Евдокия встала. Медленно обошла стол. Остановилась прямо за его спиной. Протянула руку, но коснулась не плеча, а шершавого дерева столешницы в дюйме от его локтя.
— Значит, твоя Аглая… она думает, что ты мертв?
— Каждый день ее жизни — это панихида по мне. Так лучше. Она заново вышла замуж три года спустя, родила детей. У нее крепкий муж-купец и дом в Калуге. Мое письмо разрушило бы эту глиняную стену, и весь ее мир рухнул бы в грязь подозрений. Пусть уж лучше я остаюсь святым в ее памяти.
— Ты взял на себя чужой грех воровства и свой грех трусости, спрятавшись здесь, — голос Евдокии дрогнул. — И теперь прячешь еще один. Свою любовь к ней. Живешь памятью, согрешая против обета нестяжания самым страшным — стяжанием прошлого.

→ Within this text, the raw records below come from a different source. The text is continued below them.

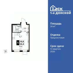 Продаётся квартира-студия номер 623 общей площадью 24.4 кв.м. на 17-м этаже 24 этажного здания. Отделка Whitebox.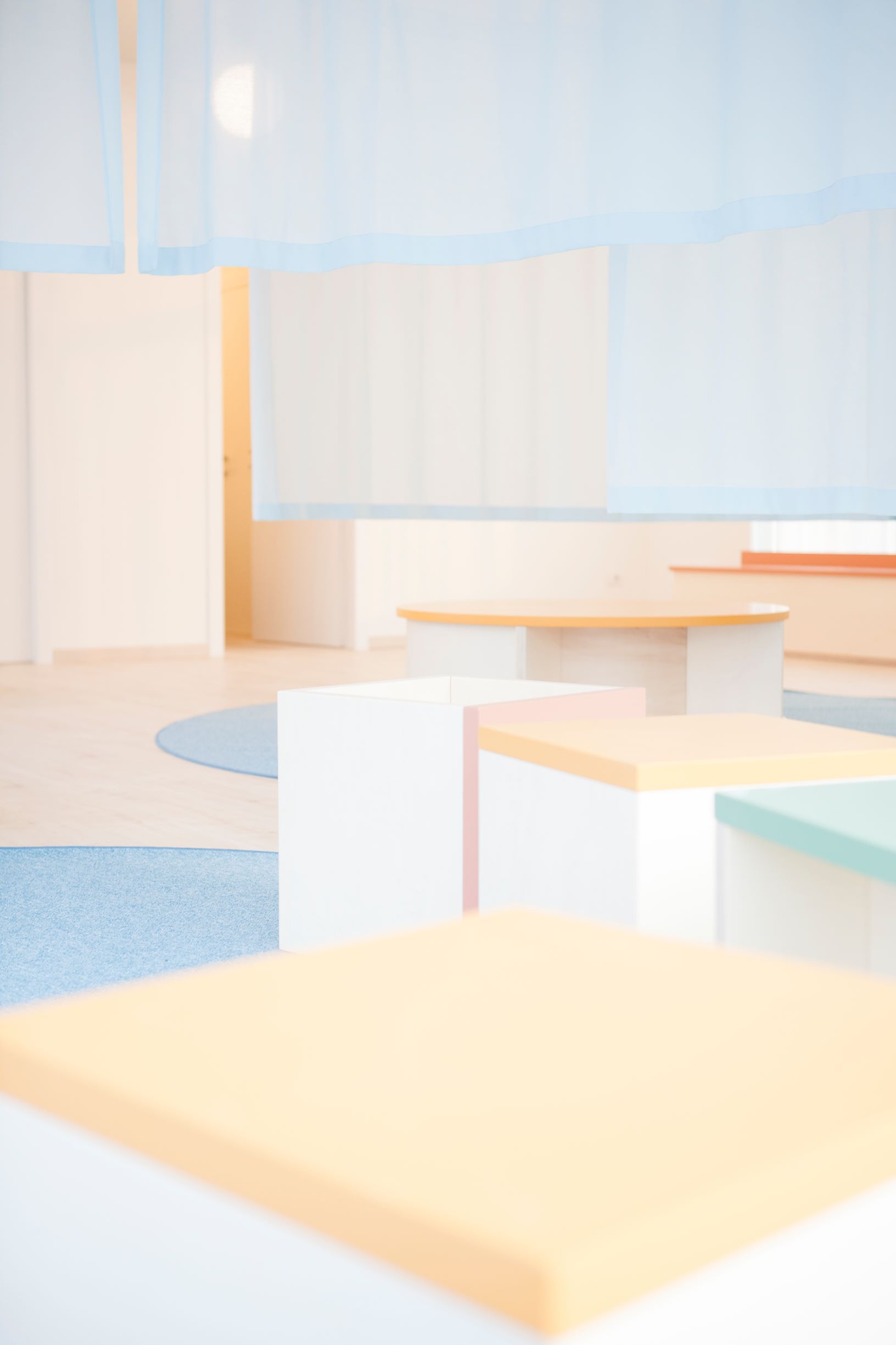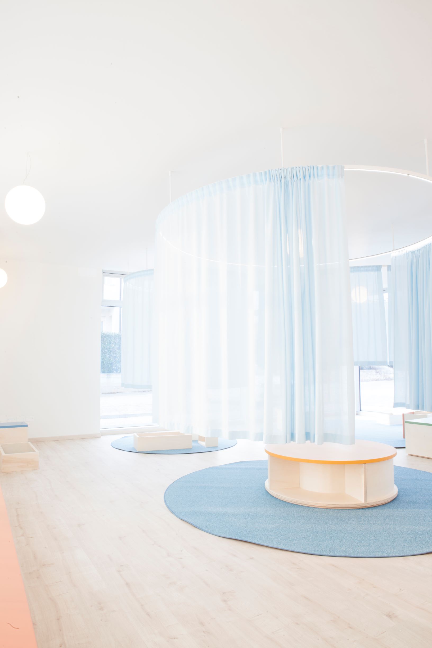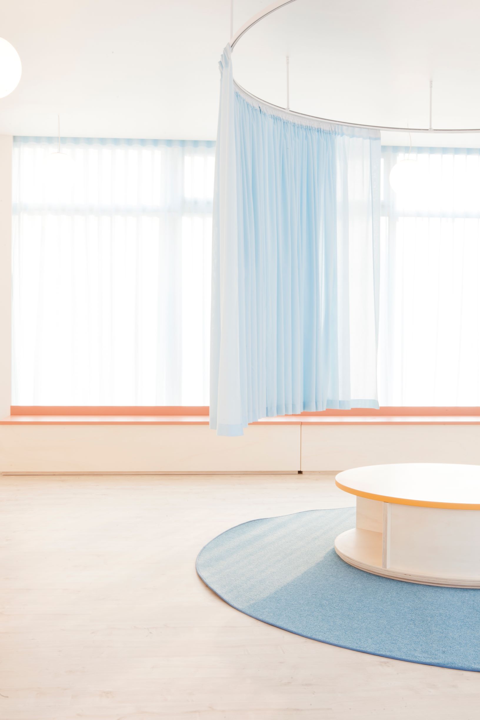 놀이성과 투명성은 어린이 전용 치과 프로젝트의 기초에 있는 주제이다. 원형 난간에 드리워진 커튼의 사용으로 인해 주요 공간 내에 3개의 뚜렷한 영역이 형성된다. 이러한 공간의 한계를 강화하기 위해, 지상의 커튼 둘레를 다시 찾는 주문 제작 카펫이 있습니다. 이런 방 안에서 느끼는 감정은 보호와 친밀감이지만 외부에서는 시야가 확보돼 부모가 자녀들을 놀면서 보는 시야가 확보된다.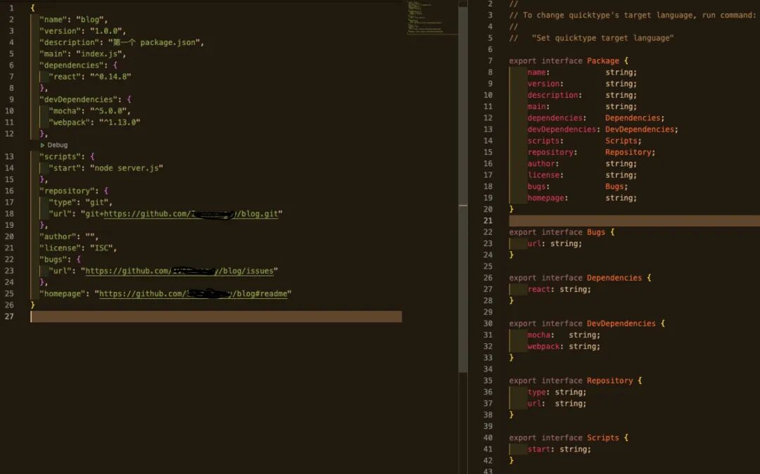 {"a":1,"b":"2","c":3} // 复制这段 JSON 代码// Generated by https://quicktype.ioexport interface Obj {a: number;b: string;c: number;}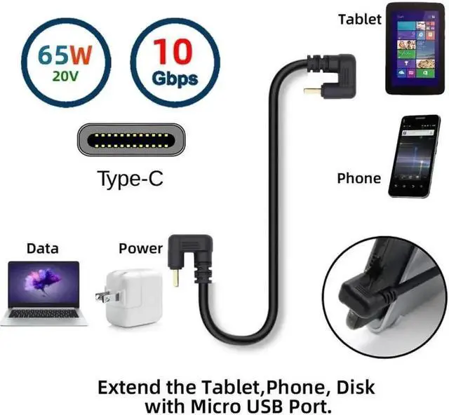 10Gbps USB 3.1 Type C Male to Male Power Data Video Cable USB-C Opposite U Shape Back Angled for NS Switch Phone Laptop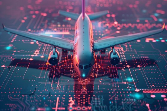 A digital twin of an airplane being used by aerospace engineers to test flight conditions and system reliability in a virtual environment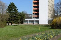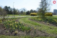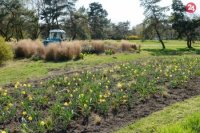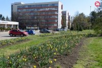 Pred aulou SPU kvitnú záhony kvetov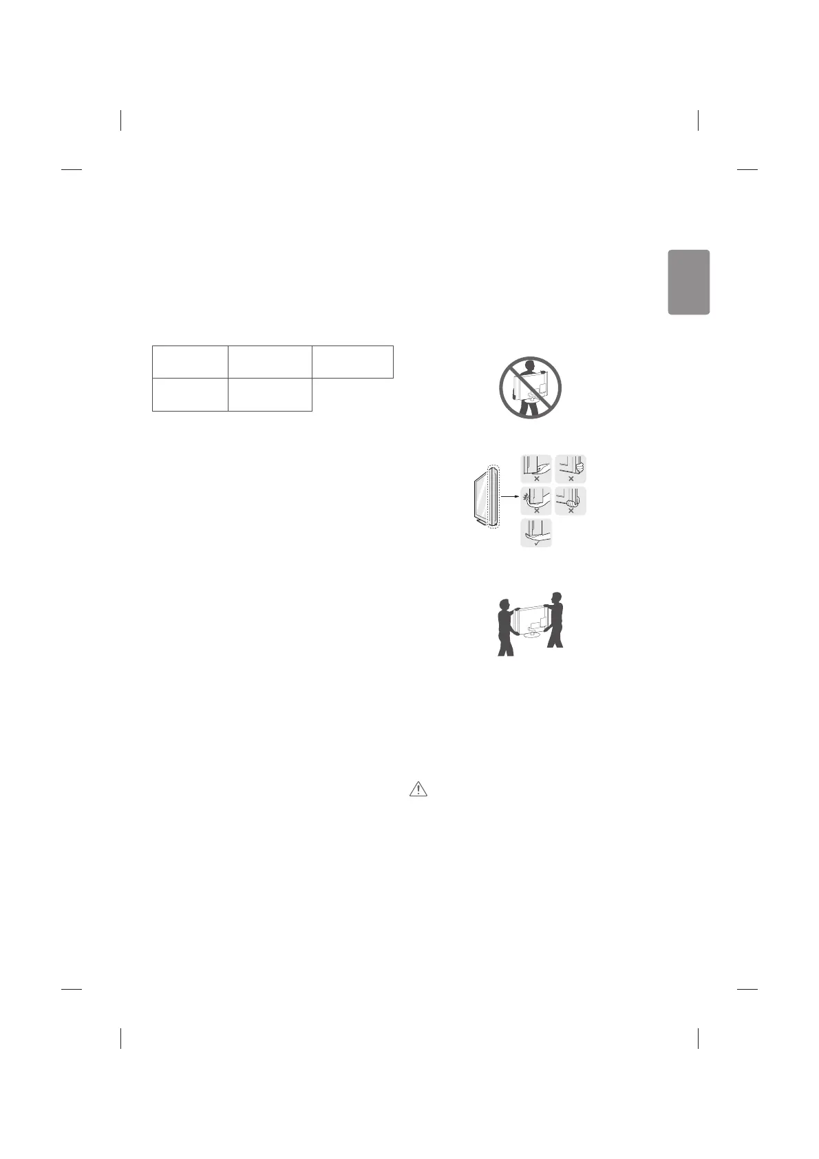 tHold the top and bottom of the TV frame rmly. Make sure not to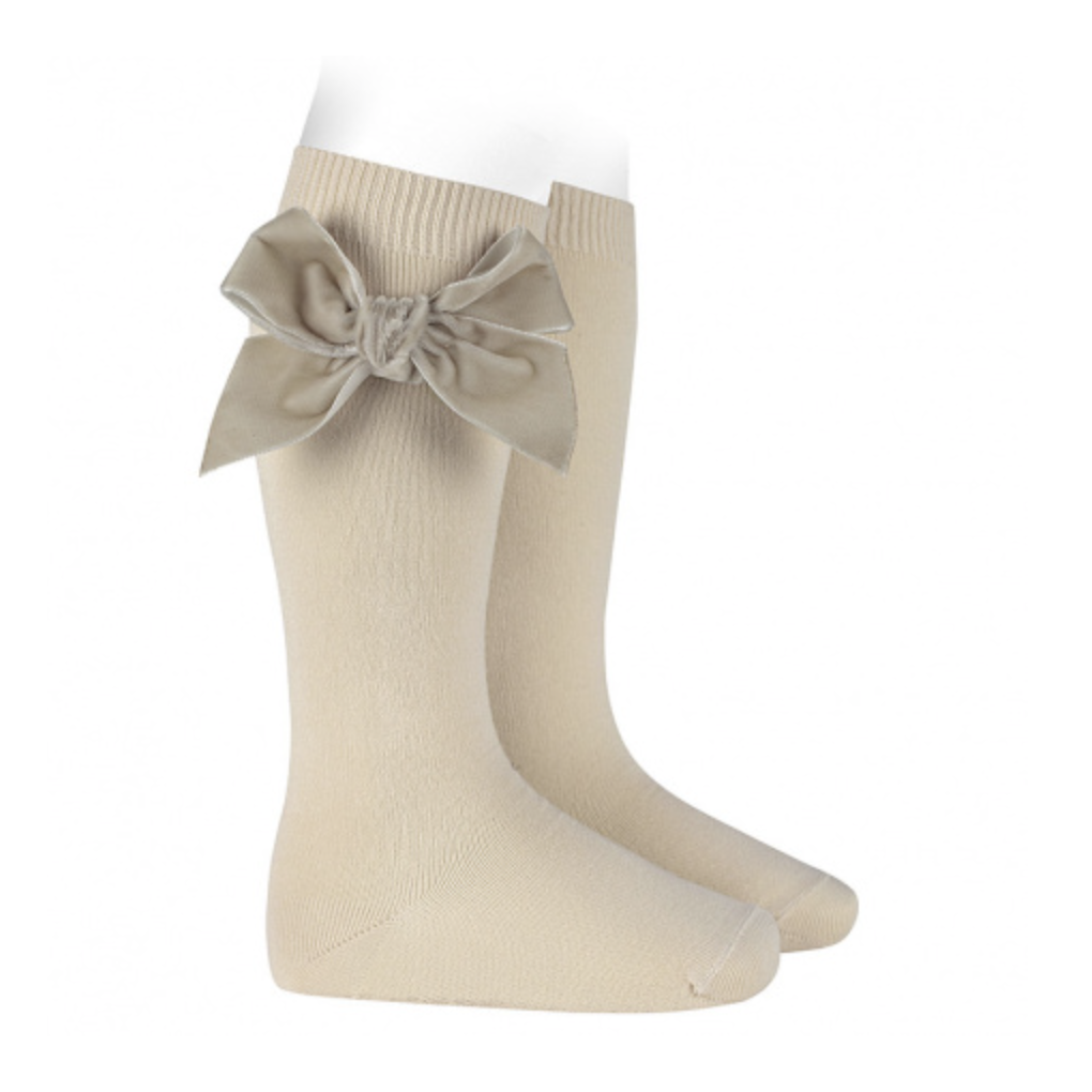 Condor - Side Velvet Bow Knee-High Socks - Linen

— Я не прячу любовь, мать Евдокия. Я хороню ее. Каждое утро. Иначе сердце разорвется. Разве мы с вами не делаем одного и того же? Вы похоронили своих троих в земле погоста, а я своего единственного — в чужом браке и под ложным именем. Разница лишь в том, что вашу боль видит Бог, а мою — еще и начальник губернского жандармского управления, если снимет с меня этот клобук.
Евдокия убрала руку от стола. Воздух между ними дрожал от недосказанного. Она подошла к печи, подбросила березовое полено. Искры взвились в дымоход.
— Ложись на сундуке у порога, — сказала она, не оборачиваясь, вкладывая в приказ всю волю, чтобы он не заметил дрожи в пальцах. — До первого петуха. Если тебя увидят выходящим из моих дверей на рассвете второй раз подряд, младшие сестры начнут грешить языком, а старшие — духом. Утром пойдешь чистить выгребные ямы. Дважды. За сон на посту и за то, что заставил настоятельницу забыть о страхе Божием.
— Слушаю, матушка.
Он поднялся. Проходя мимо нее к сундуку, Иона на мгновение замер. Его рукав случайно задел складки ее мантии. Легкое касание ткани о ткань. Электричество удара прошло сквозь них обоих.
Евдокия затаила дыхание, ожидая, что он сейчас повернется, схватит ее, нарушит всё — устав, закон, память об умерших детях. Мир сузился до этого сантиметра пространства между грубой шерстью и черным шелком.
Но Иона сделал шаг в сторону. Молча снял сапоги, лег на жесткие доски сундука, подложив под голову свернутый армяк, и отвернулся к стене.
А Евдокия просидела на коленях перед иконами до самого утра, беззвучно шевеля губами. Но впервые за тридцать лет она молилась не о спасении души рабы Божией Евдокии. Она молилась о прощении для беглого ключаря Иоанна и о здравии купеческой жены Аглаи из Калуги, сама не понимая, чье спасение сейчас волнует ее сильнее.